I took 4 oz of good bud and leaves started the decarboxylation process (this is a must for anyone who is making medibles) 

I wrapped the pot in tin foil after I crumbled it up (use a blender or a grinder) I used about 3 layers thick to keep it from burning. I baked it on each side for about 10 mins each side. (watching it constantly so it wont burn) after about 20 mins the weed was very dry and will crumble up in your fingers it will also be less green and even smaller in size.


**some folks say bake it at 180-300 just bake it longer etc** Look... use what works for you.. I know I have been using the 320 for about 22 mins process the majority of time and have not had any burned up product yet.. as long as you watch it... you will be ok.. If you cook it at a lower temp it's just going to take longer however if you go above this you are risking burning the pot itself.**

After you have baked the weed put it in a 16 oz mason jar drizzle olive oil over the weed in the mason jar.. you are just adding a little bit to get it lightly covered (think of how coffee grounds look after the water has been drained off of it Simply put you are not drenching it in oil... just getting it wet enuf so it's not dripping with oil.

Now let that mix sit for about 3 hours take the weed out of the mason jar and wrap the pot in tin foil baked it on each side for about 10 mins each side. (watching it constantly so it wont burn) after about 20 go ahead and take it out and let it cool off then add the mix to the mason jar again and add another 6-8 oz of olive oil (your pot will be 100% covered by oil now)
Let this mix sit for 3-5 days (let rest in a dark room) during this time the oil is leaching out the thc from the weed. Shake the weed mix as much and any time you can remember... I would shake it for about 1 minute maybe 5 times a day.

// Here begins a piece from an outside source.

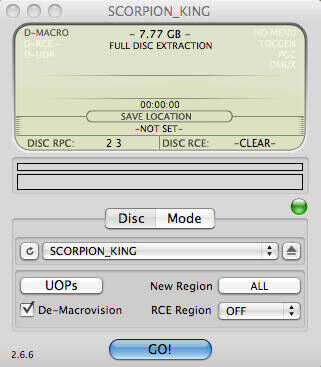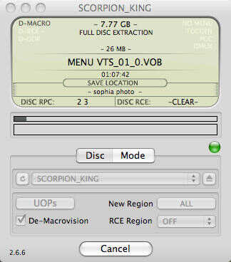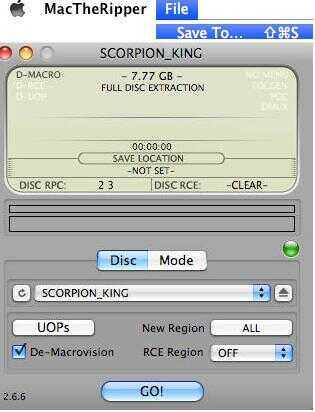 MacTheRipper es una Free DVD Ripper (Extractor) para Mac OS. Elimina encriptado CSS, protección Macrovision, conjuntos de región del disco a '0' para región-libre y es capaz de eliminar RCE región control. También puede copiar DVDs protegidos ARccOS. Esto es para copia de seguridad de tus DVDs legalmente comprados en tu disco duro fácilmente.

Then on the 3-5th day get a large pot of water. Large enough to put the mason jar in standing up with about 3 inches of water on the sides. Now place the mason jar with weed and oil in it into the middle of the pot of water. Turn the range on the burner to bowl the water and this will act like a double boiler and a pressure cooker since the lid is sealed on the jar and the heat from the water is heating up the oil and allowing the THC to leach out of the weed and into the fat soluble Olive oil.

I brought it to a boil for about 5 minutes about 3 times within an hour and a half. I read that the longer you boil it the better it will be... but this was pretty strong as it was and I added more oil to the pot after I strained it the first time (kinda like a 2nd iso wash) 

ANYHOW...

after I did the above... I then made the Reefers Peanut butter cup recipe (using the normal online directions I just added about 1 fulltable spoon of canna olive oil while I was melting the chocolate) I made real chocolate from Bakers Unsweetened Chocolate. I made 4 reefers cups and 2 VERY large Raisin and Chocolate Candy Bars (these were about 8 OZ of chocolate and a good 4 doses.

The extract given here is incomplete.